Cosmic noise, also known as galactic radio noise, is a physical phenomenon derived from outside of the Earth's atmosphere. It is not actually sound, and it can be detected through a radio receiver, which is an electronic device that receives radio waves and converts the information given by them to an audible form. Its characteristics are comparable to those of thermal noise. Cosmic noise occurs at frequencies above about 15 MHz when highly directional antennas are pointed toward the Sun or other regions of the sky, such as the center of the Milky Way Galaxy. Celestial objects like quasars, which are super dense objects far from Earth, emit electromagnetic waves in their full spectrum, including radio waves. The fall of a meteorite can also be heard through a radio receiver; the falling object burns from friction with the Earth's atmosphere, ionizing surrounding gases and producing radio waves. Cosmic microwave background radiation (CMBR) from outer space is also a form of cosmic noise. CMBR is thought to be a relic of the Big Bang, and pervades the space almost homogeneously over the entire celestial sphere. The bandwidth of the CMBR is wide, though the peak is in the microwave range.
Karl Jansky, an American physicist and radio engineer, first discovered radio waves from the Milky Way in August, 1931. At Bell Telephone Laboratories in 1932, Jansky built an antenna designed to receive radio waves at a frequency of 20.5 MHz, which is a wavelength of approximately 14.6 meters.
After recording signals with this antenna for several months, Jansky categorized them into three types: nearby thunderstorms, distant thunderstorms, and a faint steady hiss of an unknown origin. He discovered the location of maximum intensity rose and fell once a day, which led him to believe he was detecting radiation from the Sun.
A few months went by following this signal thought to be from the Sun, and Jansky found that the brightest point moved away from the Sun and concluded the cycle repeated every 23 hours and 56 minutes. After this discovery, Jansky concluded the radiation was coming from the Milky Way and was strongest in the direction of the center of the galaxy.
Jansky's work helped to distinguish between the radio sky and the optical sky. The optical sky is what is seen by the human eye, whereas the radio sky consists of daytime meteors, solar bursts, quasars, and gravitational waves.
Later in 1963, American physicist and radio astronomer Arno Allan Penzias (born April 26, 1933) discovered cosmic microwave background radiation. Penzias's discovery of cosmic microwave background radiation helped establish the Big Bang theory of cosmology. Penzias and his partner, Robert Woodrow Wilson worked together on ultra-sensitive cryogenic microwave receivers, originally intended for radio astronomy observations. In 1964, upon creating their most sensitive antenna/receiver system, the Holmdel Horn Antenna, the two discovered a radio noise they could not explain. After further investigation, Penzias contacted Robert Dicke, who suggested it could be the background radiation predicted by cosmological theories, a radio remnant of the Big Bang. Penzias and Wilson won the Nobel Prize in Physics in 1978.
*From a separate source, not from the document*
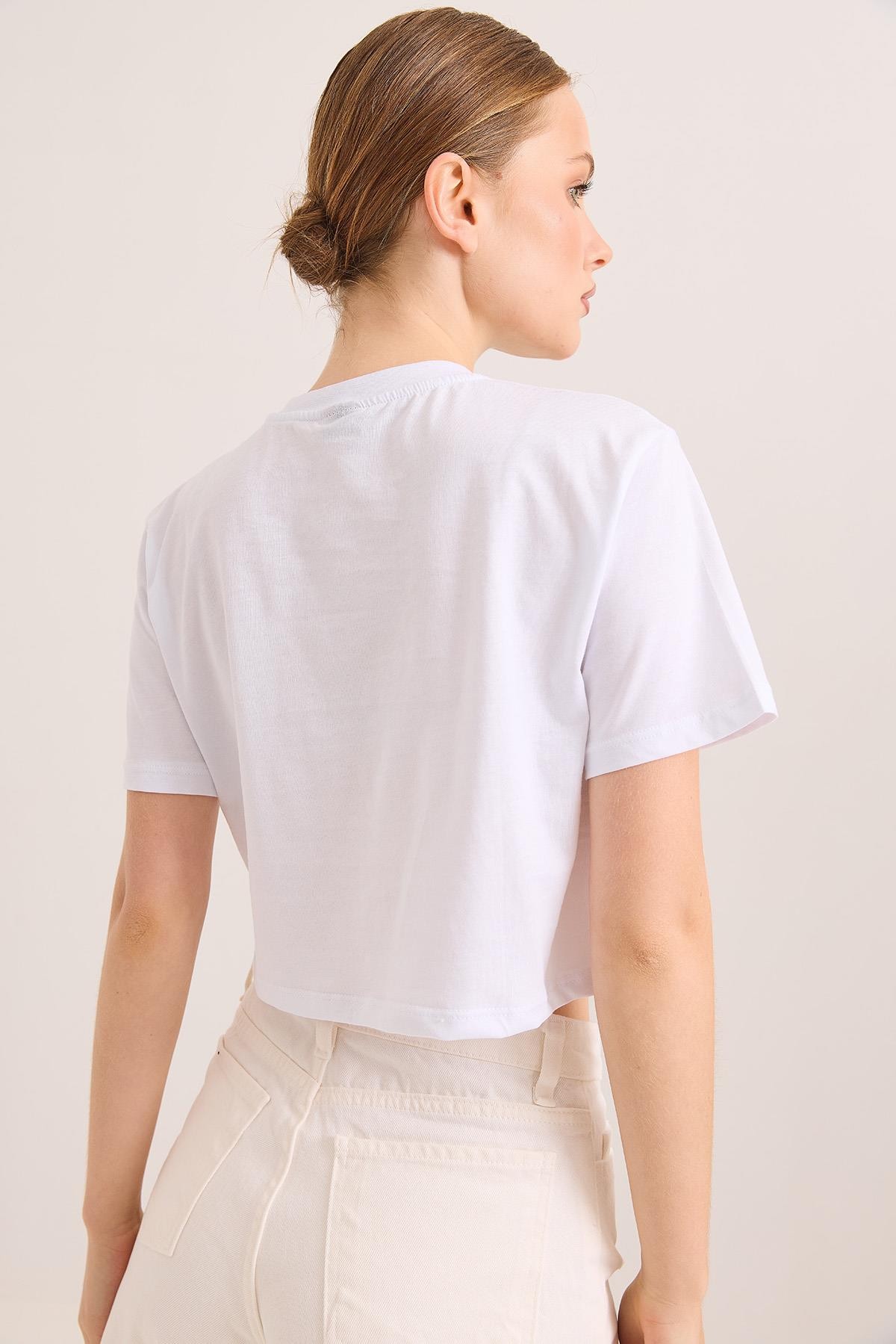 Nakışlı Örme Pamuk Crop Tshirt Beyaz (250727TSHXBYZ)

The Absolute Radiometer for Cosmology, Astrophysics, and Diffuse Emission (ARCADE) is a device designed to observe the transition out of the "cosmic dark ages" as the first stars ignite in nuclear fusion and the universe begins to resemble its current form.[1]
ARCADE consists of 7 precision radiometers carried to an altitude of over 35 km (21 miles) by a scientific research balloon. The device measures the tiny heating of the early universe by the first generation of stars and galaxies to form after the Big Bang.
Cosmic noise refers to the background radio frequency radiation from galactic sources, which have constant intensity during geomagnetically quiet periods.[2]
Cosmic noise can be traced from solar flares, which are sudden explosive releases of stored magnetic energy in the atmosphere of the Sun, causing sudden brightening of the photosphere. Solar flares can last from a few minutes to several hours.
During solar flare events, particles and electromagnetic emissions can affect Earth's atmosphere by fluctuating the level of ionization in the Earth's ionosphere. Increased ionization results in absorption of the cosmic radio noise as it passes through the ionosphere.
Solar wind is a flux of particles, protons and electrons together with nuclei of heavier elements in smaller numbers, that are accelerated by the high temperatures of the solar corona to velocities large enough to allow them to escape from the Sun's gravitational field.[3]
Solar wind causes sudden bursts of cosmic noise absorption in the Earth's ionosphere. These bursts can only be detected only if the magnitude of the geomagnetic field perturbation caused by the solar wind shock is large enough.[4]